Thank you very much.

How much time do I have left, Mr. Chair?

4:05 p.m.

NDP

The Vice-Chair NDP Jack Harris

You have about 30 seconds.

4:05 p.m.

NDP

Élaine Michaud NDP Portneuf—Jacques-Cartier, QC

Thirty seconds isn't enough time for me to ask my question, so I'll let my colleague use that time later.

Thank you very much.

4:05 p.m.

NDP

The Vice-Chair NDP Jack Harris

Okay, thank you.

There are only a couple of seconds left now, so we'll move on for now to Mr. Bezan.

Mr. Bezan, you have seven minutes.

December 2nd, 2014 / 4:05 p.m.

Conservative

James Bezan Conservative Selkirk—Interlake, MB

Gentlemen, thanks for joining us today. I appreciate your opening comments and I'm looking forward to the continuing dialogue.

You were just talking about the U.S. using drones. A couple of years ago I had the opportunity to go down with the U.S. Customs and Border Protection and they used the Predator to surveil, pretty much from Thunder Bay right across into Washington state, and they do it all over Grand Forks. It is a tool they are using for border surveillance. I'm sure they are using it along the Texas-Mexico border as well patrolling the Rio Grande.

Looking at that platform and others—and you've already alluded to the fact of using more drones in the Arctic—do we have platforms out there now that can handle Arctic conditions? I was told a couple of years ago that it did not exist.

4:10 p.m.

Chairman and Chief Executive Officer, ING Robotic Aviation

Ian Glenn

The answer is yes. The challenges with small aircraft are the same as with any Arctic aircraft, right? It's cold and windy. As Canadians, we've flown our helicopter in minus 33. We were up in Churchill surveying polar bears two weeks ago and it was 50, 60 kilometres per hour at the airport, and right out on Hudson's Bay it was above that. You need power, so that's why we design bigger, not the little quadcopters. They all fall down. I own a bunch of them. They fall down.

4:10 p.m.

Conservative

James Bezan Conservative Selkirk—Interlake, MB

Is that [Inaudible—Editor] talking?

4:10 p.m.

Chairman and Chief Executive Officer, ING Robotic Aviation

Ian Glenn

No, no. It's just a big helicopter.

4:10 p.m.

Conservative

James Bezan Conservative Selkirk—Interlake, MB

Oh, that's a big helicopter.

4:10 p.m.

Chairman and Chief Executive Officer, ING Robotic Aviation

Ian Glenn

Yes, it fits in a case. We shipped it up there.

4:10 p.m.

Conservative

James Bezan Conservative Selkirk—Interlake, MB

But from a standpoint of range, though, a helicopter has limitations.

4:10 p.m.

Chairman and Chief Executive Officer, ING Robotic Aviation

Ian Glenn

Right. If you want to go far, that's where our fixed-wing.... As you see on the screen there, that has a 10-foot wingspan, launches off a catapult, has eight hours' endurance.

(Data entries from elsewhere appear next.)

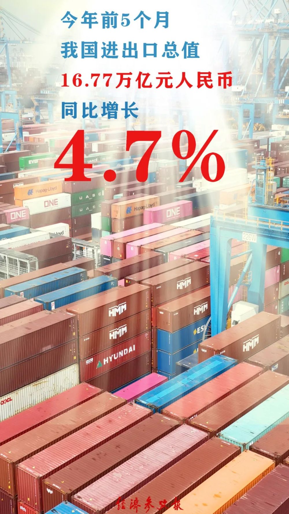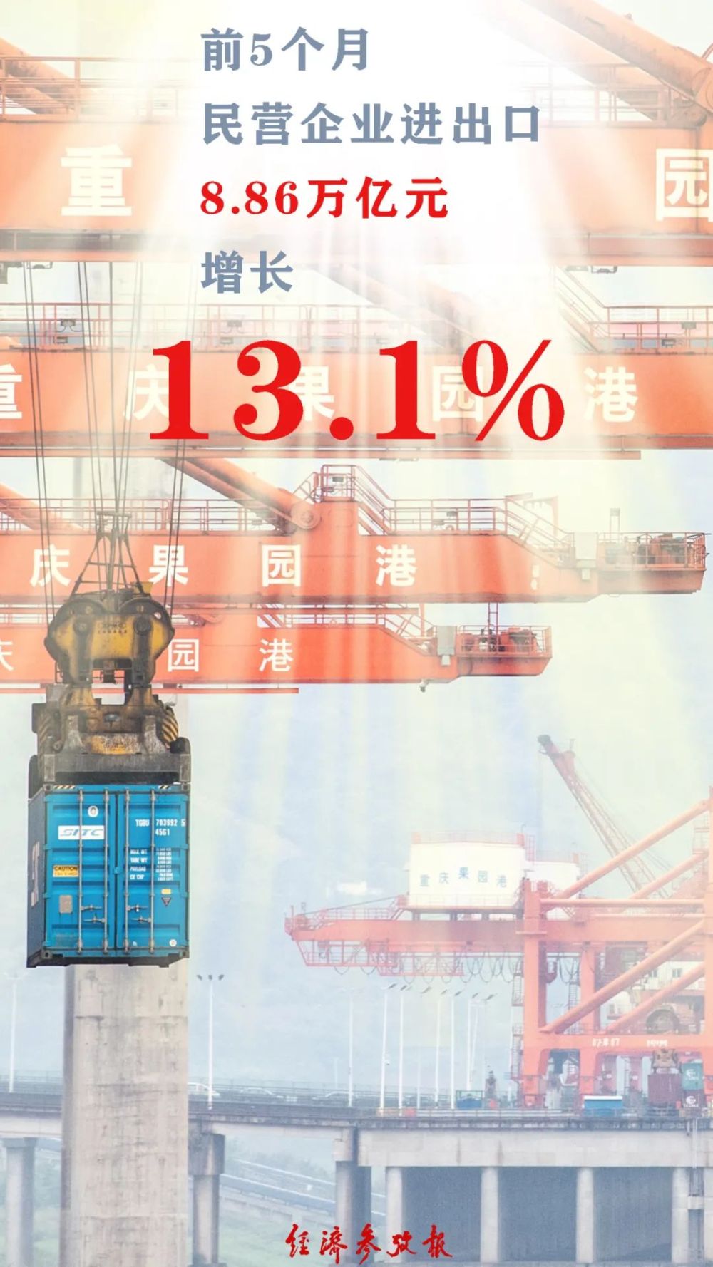 前5个月,民营企业进出口8.86万亿元,增长13.1%,占我国外贸总值的52.8%,比去年同期提升3.9个百分点。
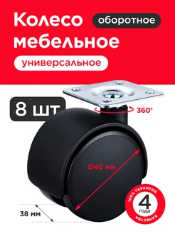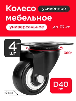 Колесо мебельное усиленное до 70кг D40 мм поворотное 4 шт
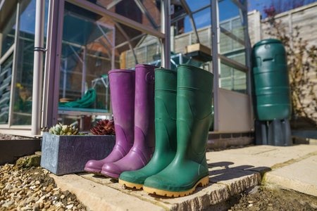 Close up of a pair of purple and green Wellington Boots stood outside a green house in a garden
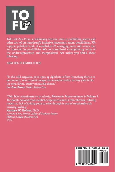 Tofu Ink Arts Press, a celebratory venture aims at publishing poems and other arts of un humdrum'd inclusive rhizomatic errant possibilities. We support work of established and emerging poets and artists. We strive for tri annual issues. We are looking for polished art and poetics that are absorbed in possibilities. We are committed to amplifying voices of the under-represented and marginalized. Tofu Ink Arts Press is a member of CLMP, Poets & Writers, Association of Writers & Writing Programs and The Academy of American Poets. Art makes you think about thinking...ABSORB POSSIBILITIES!
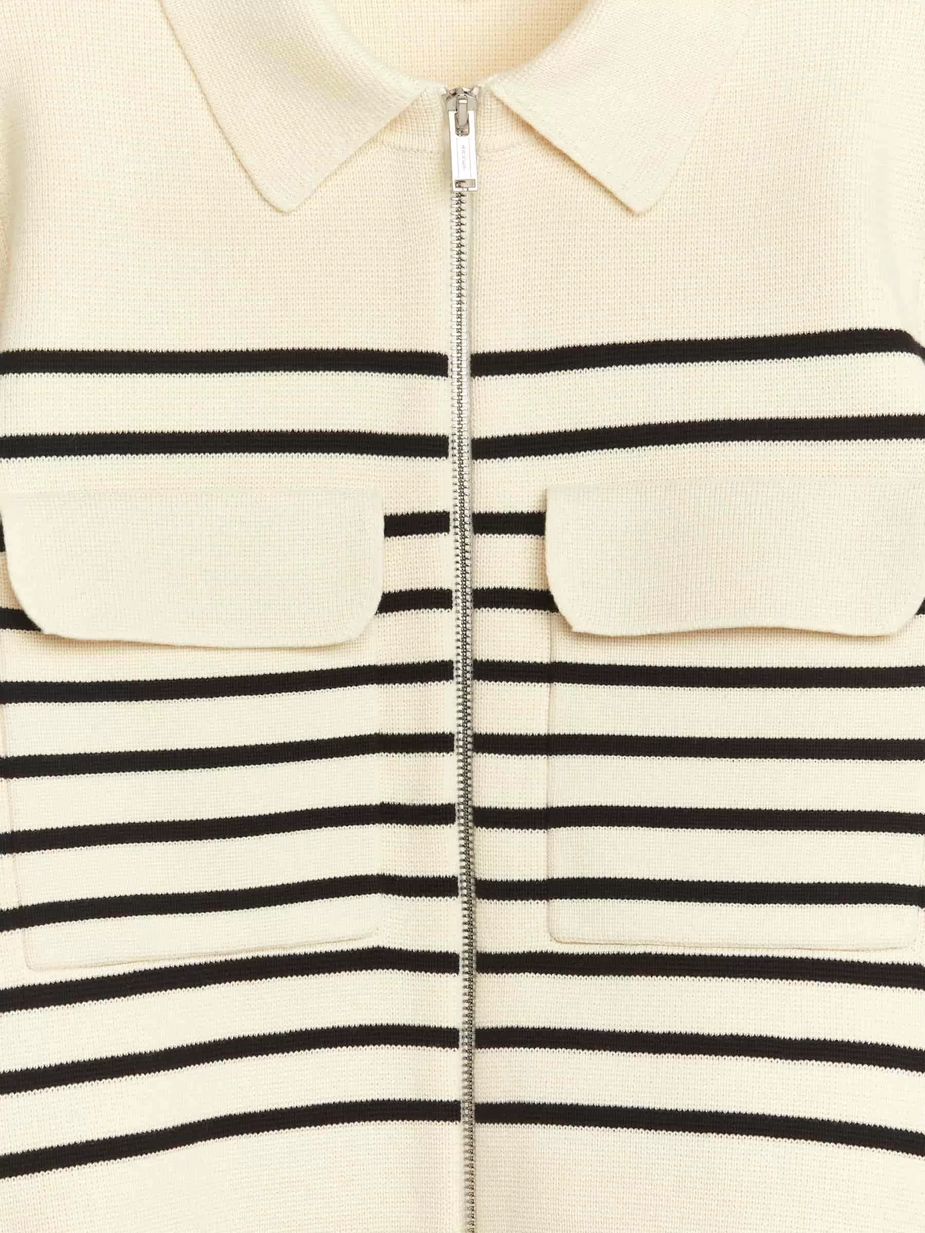Knitted jacket crafted from cotton. Styled with a shirt collar, a two-way zip at front and chest pockets with flaps. Regular fit.
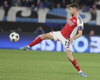 Thomas Partey of Arsenal FC play the ball during Atalanta BC vs Arsenal FC, 1° round of Chanpions League 2024-25, game at Gewiss stadium in Bergamo (BG), Italy, on September 19, 2024. (Photo by Davide Casentini) ag aldo liverani sas
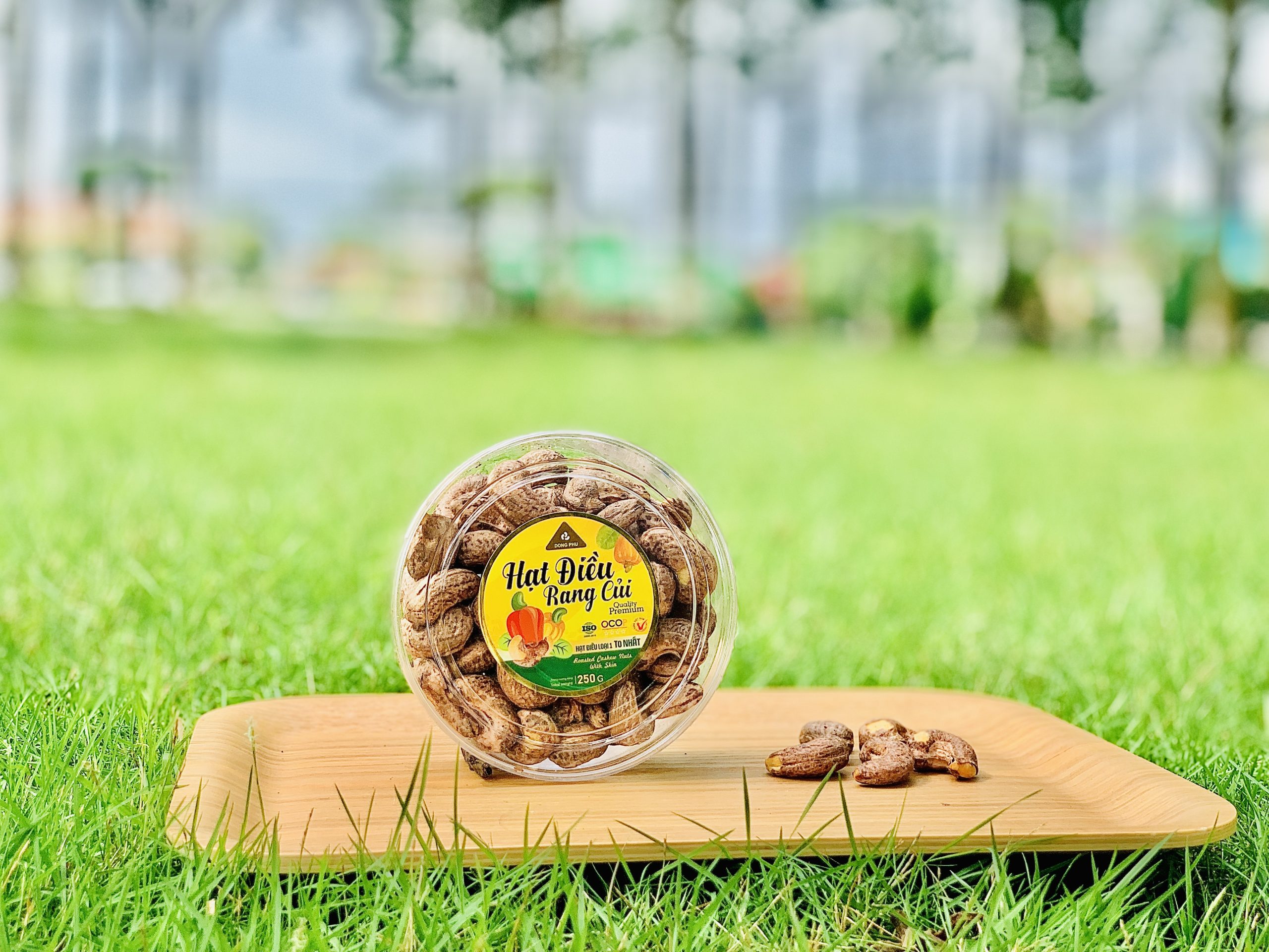 Trước khi hạt điều Campuchia xuất hiện thì hạt điều Bình Phước được xem như là Vua của các loại hạt điều trên thế giới bởi độ ngọt và độ béo cao gấp nhiều lần. Nhưng nhược điểm là kích thước hạt nhỏ nên rất khó sử dụng để sản xuất các mẫu hạt điều xếp hoa. Hạt điều rang củi hộp tròn 250g không xếp hoa là một trong những sản phẩm sử dụng 100% hạt điều có nguồn gốc từ Bình Phước. Từng là dòng hàng Best seller tại các siêu thị của Phú Quốc và Nha Trang.

The challenge, really, is around icing conditions, which is true of all aviation. We actually have funding from the NRC, Industry Canada, to further enhance our Arctic capability, and we are unique as a Canadian company tackling that problem.

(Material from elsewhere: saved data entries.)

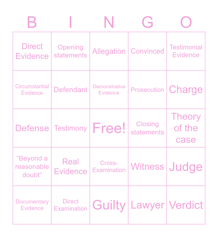 This bingo card has a free space and 24 words: Real Evidence, Direct Examination, Demonstrative Evidence, Documentary Evidence, Testimonial Evidence, Direct Evidence, Circumstantial Evidence, Opening statements, Closing statements, Cross-Examination, Prosecution, Defense, Witness, Judge, Defendant, Lawyer, Theory of the case, Allegation, Charge, Testimony, Verdict, “Beyond a reasonable doubt”, Convinced and Guilty.
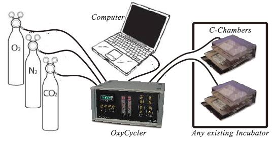 1. 整套系统由立的高级气体控制器、细胞培养C-chamber组成,连接电脑通过软件控制气体浓度曲线。
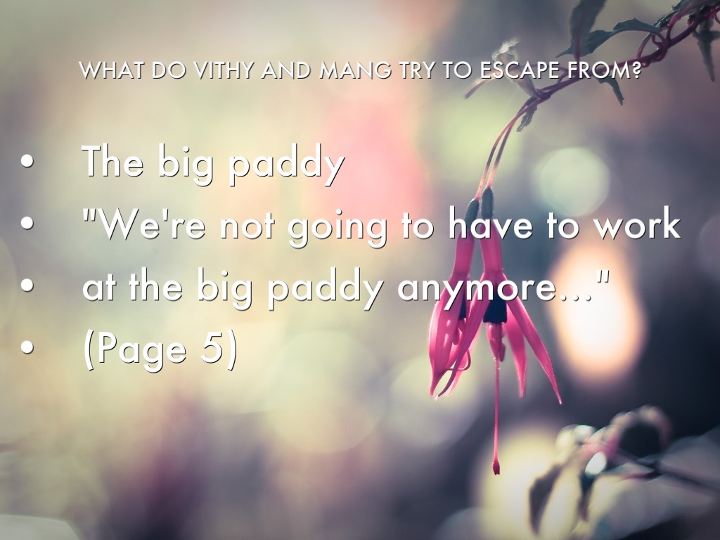 WHAT DO VITHY AND MANG TRY TO ESCAPE FROM?
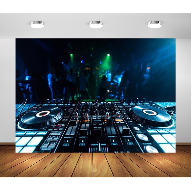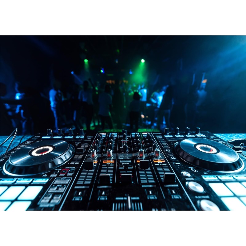 Loccor 7x5ft Fabric DJ Music Mixer Backdrop Professional DJ Mixer Controller Nightclub Dancing People Background for Disco Party Decorations Photo Shoot Studio Props

Remember, all of these ones that you see were all designed in the California desert. They were meant to go in hot and sandy places. That's where, as Canadians, we take a different approach to things.

4:10 p.m.

President, Zariba Security Corporation

Charles Barlow

The other thing is that if it does crash, and everything that flies crashes eventually—

4:10 p.m.

Conservative

James Bezan Conservative Selkirk—Interlake, MB

Don't tell me that because I spend a lot of time on planes. You're scaring me.